The key figure in the rare-coin investment scandal that cost the Ohio Bureau of Workers' Compensation an estimated $13.7 million was sentenced today to 18 years in prison on state charges.
Tom Noe's sentence will be served after he finishes serving a 27-month federal term imposed in September for illegally laundering more than $45,000 destined for President Bush's re-election campaign in 2004.
Judge Thomas Osowik of Lucas County Court also fined Mr. Noe $213,000 and ordered him to pay both the cost of prosecution, estimated at nearly $3 million, and restitution for the money missing from the Workers' Compensation Bureau's rare-coin fund investment.
Mr. Noe's activities prompted a series of probes into financial dealings starting in 2005 that has also resulted in jail time on federal and state charges for Terrence Gasper, the bureau's former chief financial officer and the ouster of James Conrad, the bureau's former administrator.
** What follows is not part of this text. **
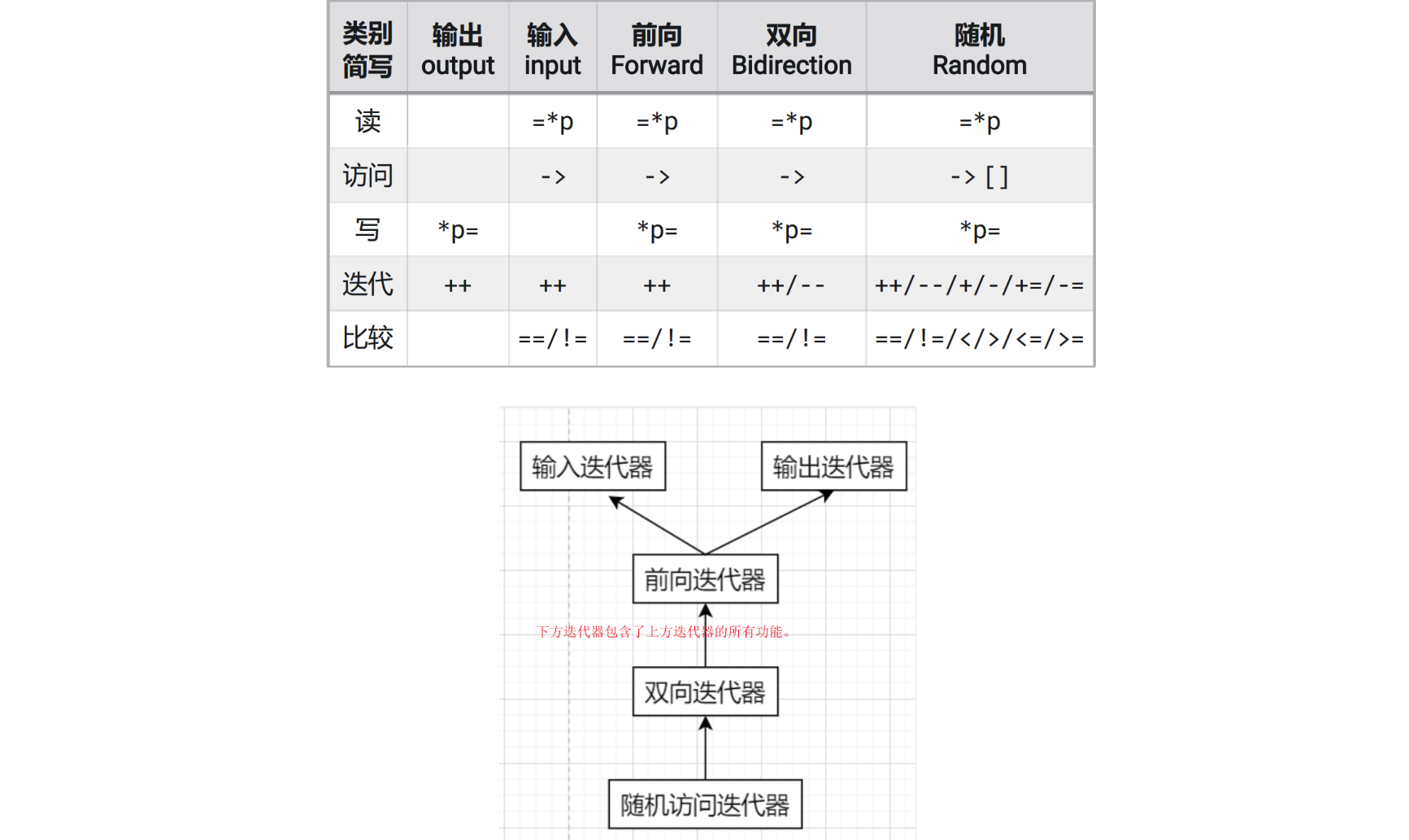 | 2. 输出迭代器 | 只写、单向遍历(仅支持 ++),只能遍历一次 |

John Mitchell, a lawyer for Mr. Noe, advised the court during the proceedings that other investigations are continuing concerning investment scandals at the bureau, including the loss of $215 million in a hedge fund.
The Bureau of Workers' Compensation gave Mr. Noe $25 million in 1998, followed by another $25 million in 2001 to invest in rare coins. Democrats charged that Mr. Noe got the money because of his ties with the Republican Party.
According to evidence presented at Mr. Noe's state criminal trial last week, he was given the money to buy and sell rare coins as an investment for the compensation fund.
Instead, according to evidence at trial, he used some of the money to pay off his own business debts and to finance a lavish lifestyle. Prosecutors in the state case said he falsified records to conceal the illegal activity.
Mr. Noe was tried on 40 separate state criminal counts and was convicted on 29 of them.
Tom Wersell, the head the of the Workers' Compensation Bureau's investigative unit, started the prosecution's part of the sentencing hearing by telling the court that before the rare-coin scandal, the Bureau “appeared to be a model” agency.
But, “by June 2005, all of that had changed. BWC had become synonymous with the term 'pay-to-play' and a culture of corruption . . . the pride is gone,” Mr. Wersell said.
Mr. Wersell said Mr. Noe “destroyed the reputation of the agency” and caused the bureau to provide false information about the coin fund. He also said the monetary loss from Mr. Noe's coin funds as well as investigative costs could have been used instead to help injured workers.